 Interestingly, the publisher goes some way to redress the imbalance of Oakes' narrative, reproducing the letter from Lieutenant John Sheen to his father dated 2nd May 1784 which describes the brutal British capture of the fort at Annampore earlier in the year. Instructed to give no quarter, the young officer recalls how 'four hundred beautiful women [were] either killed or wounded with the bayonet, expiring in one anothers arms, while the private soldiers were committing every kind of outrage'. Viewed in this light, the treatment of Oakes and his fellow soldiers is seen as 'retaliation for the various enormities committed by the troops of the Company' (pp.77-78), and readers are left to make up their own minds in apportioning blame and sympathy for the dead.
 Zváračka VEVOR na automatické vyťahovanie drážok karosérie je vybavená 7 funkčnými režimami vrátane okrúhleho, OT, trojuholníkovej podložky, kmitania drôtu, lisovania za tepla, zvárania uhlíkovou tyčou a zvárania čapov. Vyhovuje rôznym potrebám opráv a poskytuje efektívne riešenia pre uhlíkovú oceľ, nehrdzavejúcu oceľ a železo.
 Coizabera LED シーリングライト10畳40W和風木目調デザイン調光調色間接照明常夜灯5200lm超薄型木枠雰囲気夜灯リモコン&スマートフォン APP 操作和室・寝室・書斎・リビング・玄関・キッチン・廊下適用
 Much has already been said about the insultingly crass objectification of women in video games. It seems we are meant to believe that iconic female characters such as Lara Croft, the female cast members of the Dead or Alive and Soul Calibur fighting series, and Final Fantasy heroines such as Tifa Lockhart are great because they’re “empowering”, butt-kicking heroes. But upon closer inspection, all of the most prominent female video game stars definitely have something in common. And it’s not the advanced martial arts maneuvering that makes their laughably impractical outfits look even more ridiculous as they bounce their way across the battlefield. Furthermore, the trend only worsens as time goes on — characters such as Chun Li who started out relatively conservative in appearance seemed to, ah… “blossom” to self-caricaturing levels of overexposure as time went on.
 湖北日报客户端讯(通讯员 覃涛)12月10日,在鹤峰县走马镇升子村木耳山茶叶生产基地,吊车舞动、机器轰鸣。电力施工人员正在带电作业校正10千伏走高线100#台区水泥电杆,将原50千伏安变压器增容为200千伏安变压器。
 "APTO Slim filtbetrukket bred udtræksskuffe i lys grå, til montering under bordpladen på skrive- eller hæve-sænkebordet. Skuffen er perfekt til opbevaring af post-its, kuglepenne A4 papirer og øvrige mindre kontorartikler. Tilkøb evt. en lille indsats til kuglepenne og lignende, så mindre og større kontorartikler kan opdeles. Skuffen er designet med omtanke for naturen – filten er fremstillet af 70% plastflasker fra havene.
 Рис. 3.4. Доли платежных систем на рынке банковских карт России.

==

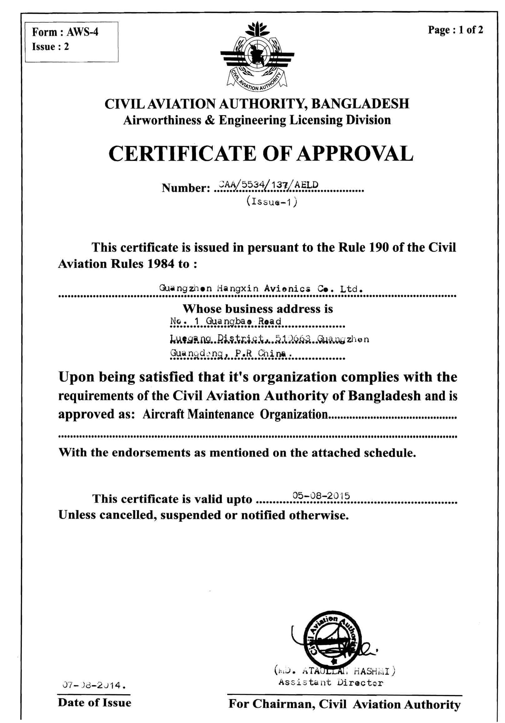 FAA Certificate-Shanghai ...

*What is expected:*
What are the lines, exactly as written above, from the line with "plastflasker fra havene." to the line with "Рис. 3.4. Доли", both included? Output only those.

*Answer for the task:*
 "APTO Slim filtbetrukket bred udtræksskuffe i lys grå, til montering under bordpladen på skrive- eller hæve-sænkebordet. Skuffen er perfekt til opbevaring af post-its, kuglepenne A4 papirer og øvrige mindre kontorartikler. Tilkøb evt. en lille indsats til kuglepenne og lignende, så mindre og større kontorartikler kan opdeles. Skuffen er designet med omtanke for naturen – filten er fremstillet af 70% plastflasker fra havene.
 Рис. 3.4. Доли платежных систем на рынке банковских карт России.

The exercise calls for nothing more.